Converge Time: These three sensors are compared just after power on and three minutes later to test the converge time for XSENS.
Changes of Magnetic Fields: The sensors are used in the metallic and non-metallic environment to test the influence of magnetic field for a magnetic compass.
GPS-denied or Not: The magnetic compass is replaced by the flight controller we used in outdoor experiments, but the GPS is invalid in the internal environment. So, the influence of GPS can be displayed.

4.4.1. Testing the Converge Time

These experiments are executed in a non-metallic environment (including pan-tilt and frame). The pan-tilt mounts a camera running PLVC, XSENS and a magnetic compass DCM260B. Here, the magnetic compass data was considered as ground truth because in this case, no magnetic field changes interfere with the working of the magnetic compass. These three sensors were compared just after being powered on and three minutes later to test the converge time for XSENS. In order to show the converging process, these experiments were only run on the static body in the static scene (ScSe), so the ground truth is 0 degrees. Figure 15 confirms the truth that XSENS does need a long time to converge. It performs well once finishing converging. However, this condition limits the usage of XSENS when it is expected to be used just after being powered on in some situations. In contrast, our PLVC does not need to wait for this period of time and can be used plug-and-play. Besides, the magnetic compass can be thought of as ground truth when there is no distribution from magnetic field changes.

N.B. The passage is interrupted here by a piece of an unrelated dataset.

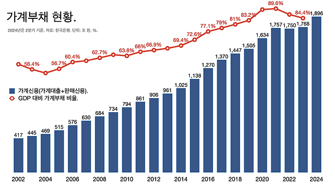 - GDP 대비 가계 부채 비율은 지난해 말 기준으로 84.4%, 여기에 전세 보증금을 포함하면 150%가 넘는다는 분석도 있다.

4.4.2. Testing the Changes of Magnetic Fields

Magnetic compasses are always used in UAVs to estimate the orientation angles. However, there is a crucial flaw that the magnetic compass is very susceptible to being disturbed by the surrounding magnetic field. To illustrate this influence factor, we use two single-axis pan-tilts made from different materials for the rotating body in static environments (RcSe). The rotating body is driven by a programmed steering gear. The first single-axis pan-tilt is metallic and fixed on a metal frame. While the second one is made of a non-metallic material and fixed in a non-metallic environment. A downward-looking monocular camera running our PLVC, XSENS and a high-precise magnetic compass is mounted on both of the pan-tilts (Figure 14), and the orientation angles are collected after adequate convergence time, so the data of XSENS, the error margin of which is 1.0 degrees, can be seen as the ground truth according to Section 4.4.1 with little drift that can be ignored.

Note: The rotation angles of XSENS are equal to the control directions for the steering gear.

Figure 16 demonstrates that different orientation angles are obtained with the same experiments because of the different materials of the platform. A magnetic compass is more demanding on the environment and can easily be interfered with by magnetic field changes, limiting its usage on UAVs. In comparison, this issue will not happen on PLVC.

4.4.3. Testing the Effect of GPS

The flight controller is necessary for UAVs. PIXHAWK fuses traditional navigation sensors, such as GPS, three sets of IMUs, a magnetic compass, and a barometer. It has been proven to have excellent performance on state estimation and control. However, can flight control still work in a GPS-denied environment?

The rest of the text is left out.